London:Versteckte Kamera

11 10 2017 London United Kingdom New Piccadilly Circus Billboard To Track Cars To Provide Ads

Ein bisschen mehr Zivilisation ist nicht verkehrt - solange uns so wundervolle Orte wie Piccadilly Circus in London erhalten bleiben.

(Foto: Dinendra Haria/imago)

Die "Piccadilly Lights" bestehen jetzt aus einem einzigen, riesigen Bildschirm, der auf seine Umgebung reagiert. Und Werbung einspielt, die zu den Fußgängern passt.

Von Alexander Menden

Um die 100 Millionen Menschen pro Jahr passieren den Londoner Piccadilly Circus, ein Großteil davon Touristen. Wer aber in den vergangenen neun Monaten die Kreuzung von Piccadilly, Shaftesbury Avenue und Regent Street besuchte und auf ein Selfie mit den Piccadilly Lights an seiner Nordseite hoffte, wurde enttäuscht. Seit Januar war die vielleicht berühmteste Werbefläche der Welt eingerüstet und dunkel. So lange wie seit 1949 nicht mehr.

Die Wartezeit ist nun fast vorbei: Am 26. Oktober wird die Leuchtreklame offiziell wieder eingeschaltet.

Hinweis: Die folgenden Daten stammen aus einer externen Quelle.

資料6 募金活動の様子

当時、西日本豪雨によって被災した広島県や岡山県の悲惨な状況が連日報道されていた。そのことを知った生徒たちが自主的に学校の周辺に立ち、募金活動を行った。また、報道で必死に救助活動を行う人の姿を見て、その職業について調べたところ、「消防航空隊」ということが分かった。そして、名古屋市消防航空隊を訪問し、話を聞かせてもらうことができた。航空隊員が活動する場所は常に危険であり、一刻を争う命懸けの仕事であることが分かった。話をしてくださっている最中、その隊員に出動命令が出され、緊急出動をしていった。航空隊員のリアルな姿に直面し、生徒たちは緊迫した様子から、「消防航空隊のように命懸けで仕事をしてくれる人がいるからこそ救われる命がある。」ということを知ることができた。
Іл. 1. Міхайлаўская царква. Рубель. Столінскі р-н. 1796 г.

Die 790 Quadratmeter große, gewölbte Fläche, die bisher mit sechs Bildschirmen bestückt war, wird dann nur noch von einem einzigen gigantischen Schirm bedeckt sein. Zwar kann man ihn noch immer in sechs Rechtecke mit unterschiedlichen Werbebotschaften aufteilen, aber mit den Neonreklamen, die in alten Londoner Filmszenen ebenso wenig fehlen durften wie die roten Doppeldeckerbusse, wird er technisch sonst so gut wie nichts mehr gemein haben.

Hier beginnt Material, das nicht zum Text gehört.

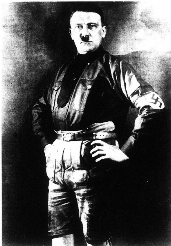
Adolf Hitler förförde det tyska folket.

dra sig undan en hel vecka för att Hitler skulle "komma i rätt stämning".
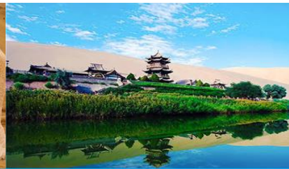
สระน้ำวพระจันทร์
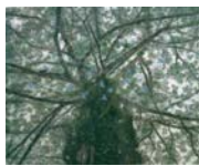
西野陽一「生命の樹」 2006年 東京オペラシティ アートギャラリー蔵

北茨城市大津町椿2083 ☎0293(46)5311 画5711 〈入館料〉一般620円、高・大生410円、小・中生210円
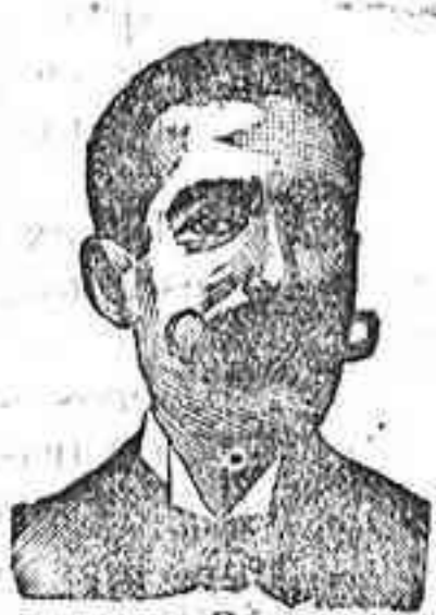
Angelo Costanzi Dip., 435, Barcelona

Ladrillos prensados, tejas tubera, bloques y pavimentos. Atenciones de Manises e Ind. — 2, ARCO, 2. — BAJO
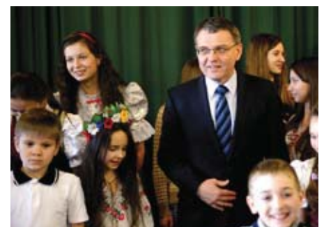
Міністр Л. Заоралек з українськими дітьми

Die Piccadilly Lights sind künftig mit Wlan ausgestattet, das jeder Passant gratis nutzen kann. Vor allem aber wird Erkennungstechnik zum Einsatz kommen, die den Werbebildschirm in die Lage versetzt, auf seine Umgebung zu reagieren. So werden laut der Betreiberfirma Landsec versteckte Kameras rund um die Reklamefläche Marke, Modell und Farbe der vorbeifahrenden Autos erkennen. So kann, wenn bestimmte Autos über die Kreuzung fahren, ein auf diese abgestimmter Werbespot ausgelöst werden. Auch Alter und Geschlecht von Fußgängern werden gescannt und die Werbebotschaften entsprechend angepasst. Auch Sportresultate, Nachrichten und Feeds aus diversen sozialen Medien sollen im Programm sein.

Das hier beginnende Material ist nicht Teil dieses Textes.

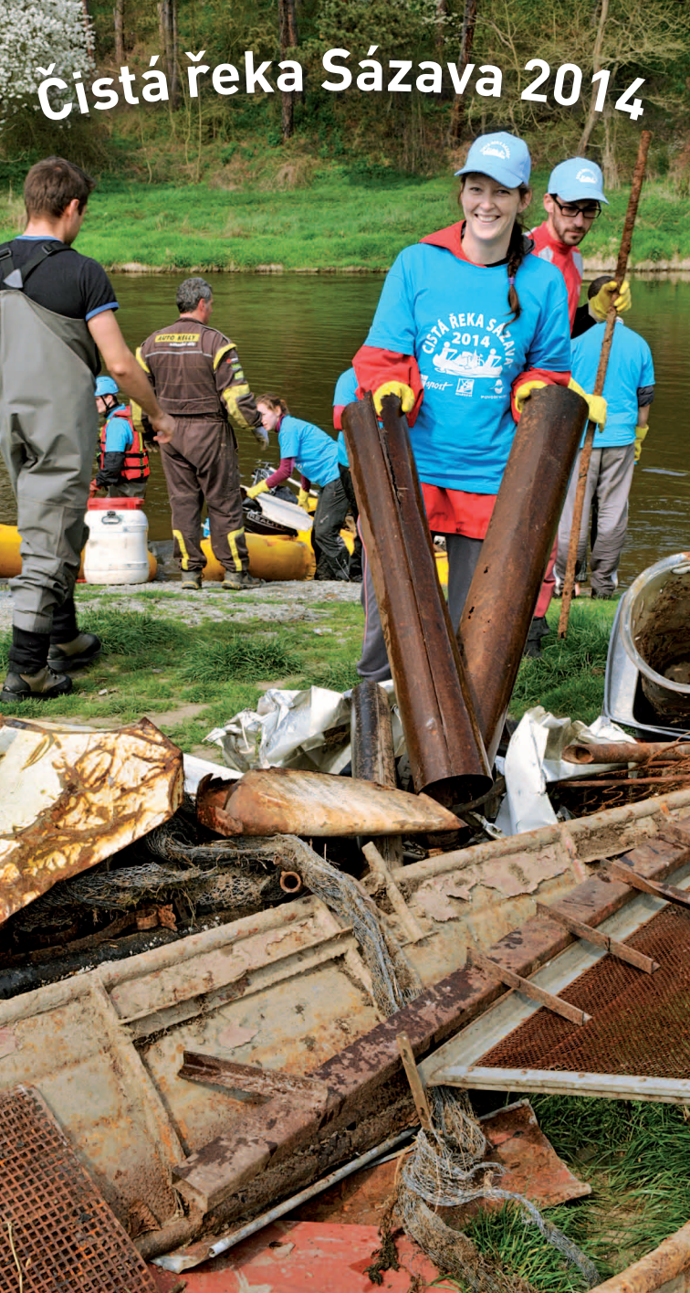
Grafická úprava a tisk: Pavel Fuksa – GraTypoPrint Vydala společnost Posázaví o.p.s., v roce 2014 v nákladu 5 000 ks NEPRODEJNÉ

Projekt je čistě nekomerční aktivitou, která je financovaná z dotací od obcí, z příspěvků sponzorů a dalších dárců.

Personalisierte Werbung wie im Kino? Datenspeicherung? Die Briten sind da entspannt

Das alles wirkt wie die beängstigend personalisierte Werbung, die dystopische Science-Fiction-Filme wie Stephen Spielbergs "Minority Report" schon vor Jahren vorhersagten. In London, einer Stadt, in der Überwachungskameras jeden einzelnen Bürger hundertfach täglich erfassen, wird das wenig Aufregung erzeugen. Die Briten sind, was Datenschutz angeht, deutlich entspannter als zum Beispiel die Deutschen. Dennoch betont Landsec ausdrücklich, es werde keinesfalls irgendwelche Datenspeicherung über die Besucher des Piccadilly Circus geben.

Bei einem Testlauf vergangene Woche schien sich allerdings ein anderes Problem abzuzeichnen: Als der Riesenbildschirm eingeschaltet wurde, tauchte er die Kreuzung in gleißendes Licht. Beobachter befürchteten, es werde zu Unfällen kommen. Die neuen Piccadilly Lights können Autofahrer nicht nur scannen, sondern auch blenden.